Swette Center for Environmental Biotechnology
The Swette Center for Environmental Biotechnology focuses on developing microbiological systems that capture or develop renewable resources and also prevent or clean up environmental pollution. Our team combines engineering approaches with microbiology and chemistry to reclaim polluted water and generate energy from waste substances. Center researchers combine engineering with microbiology, molecular biology, and chemistry in order to gain an integrated understanding of how microbial ecosystems work and can be controlled to reclaim polluted water, generate energy from waste substances, and improve public health and sustainability.

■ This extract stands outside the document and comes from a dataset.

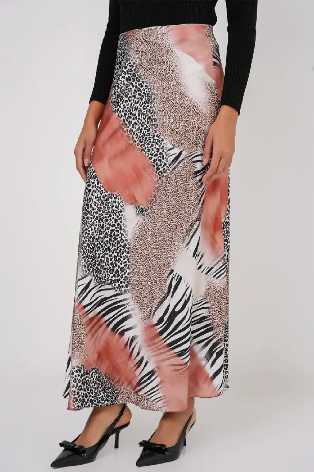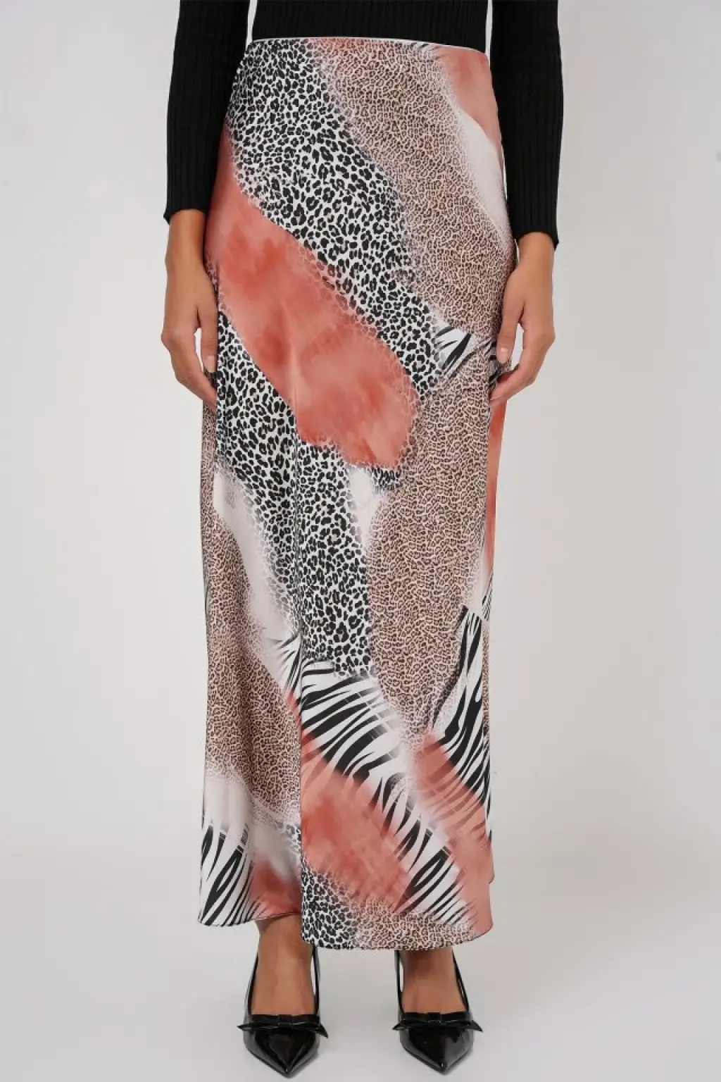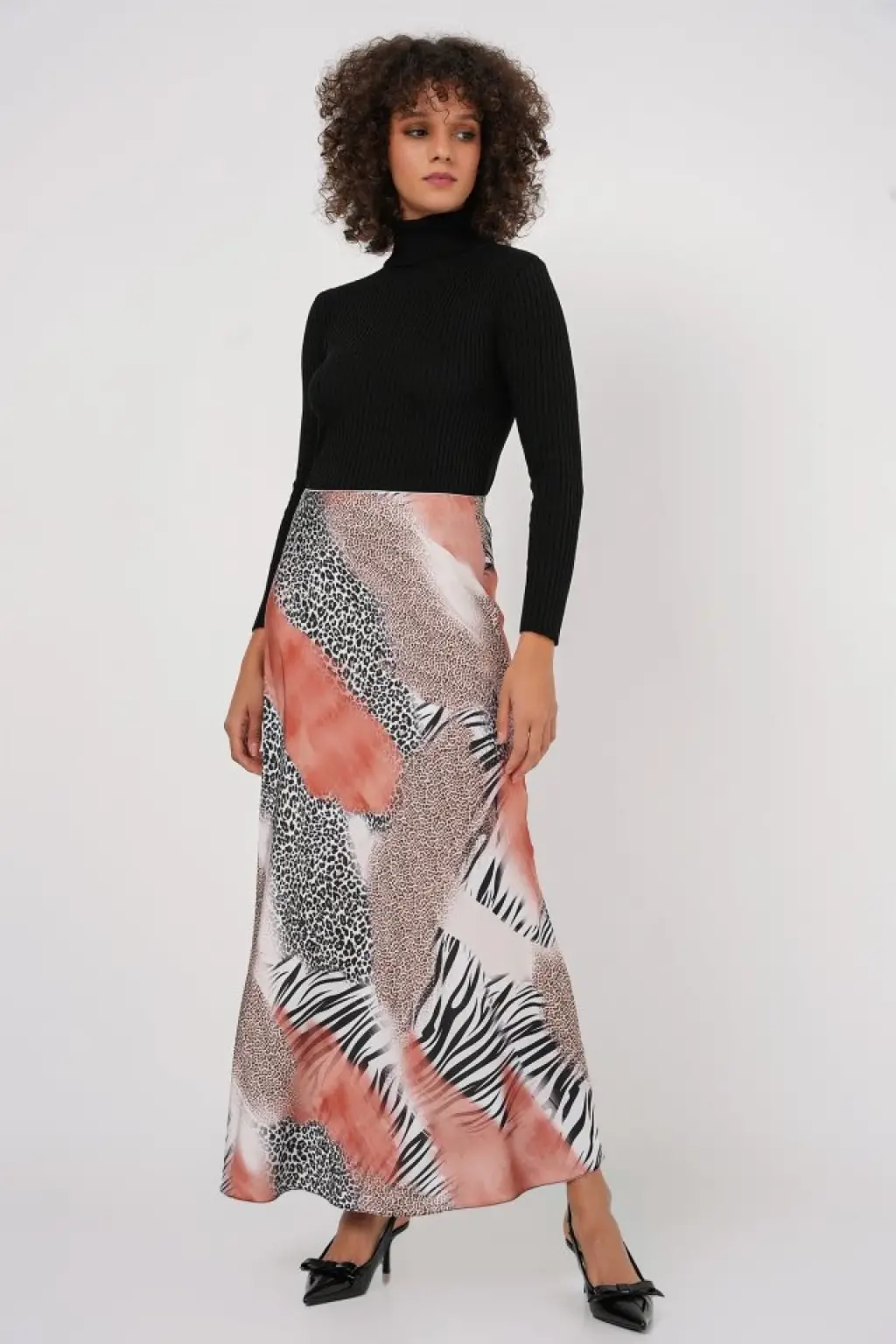 Kadın Beli Büzgülü Yandan Yırtmaçlı Desenli Süprem Etek
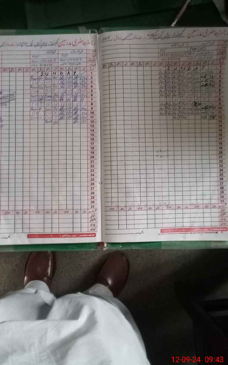 | CNIC | Full Name | Designation | R/C | Absence During Last Calender Month |

Microorganisms, as part of their normal life, do things that provide services to society and improve environmental quality. They degrade contaminants that pollute water, air or soil. They transform waste materials into valuable renewable resources. All of this they do in natural communities of different types of microorganisms living and working together. The microorganisms, the communities, and the services are the subjects for the Center for Environmental Biotechnology.
The Center performs research that ranges from fundamentals of biochemistry, genomics, and microbial ecology to field testing of technologies it develops. The Center’s strategy is to integrate basic science with engineering and fundamentals with applications in all aspects of its research.
The first step toward success within the Swette Center for Environmental Biotechnology is being able to “think like the microorganisms,” which means performing scientific research to understand what the microorganisms do and what constitutes a good environment in which they can do it. Fortunately, there are many tools to help us analyze the microbes. DNA and RNA detection and analysis methods aid in the identification of microbes present, and discover their native functions. Chemical tools offer the ability to measure the impact of the microbial communities on their environments. The consequences of microbial metabolism are that they inevitably alter their environment in some way. These chemical tools allow us to understand how the microorganisms use molecules in their environment to make energy.
Another set of tools includes mathematical models that systematically and quantitatively represent the community members, their reactions, and how they affect each other and their environment. Modeling uses computers, and is a tool for integrating different types of knowledge. When we integrate information from all the tools, we attain a deep understanding of the biological and chemical activity in microbial communities.
The second step toward success is designing technologies that “work for the microorganisms so that they work for us.” The environmental biotechnologist provides conditions so that the “right” microorganisms – the ones that perform the right services – thrive and stay within the community. This is the natural, ecologically based recipe for success with environmental biotechnologies.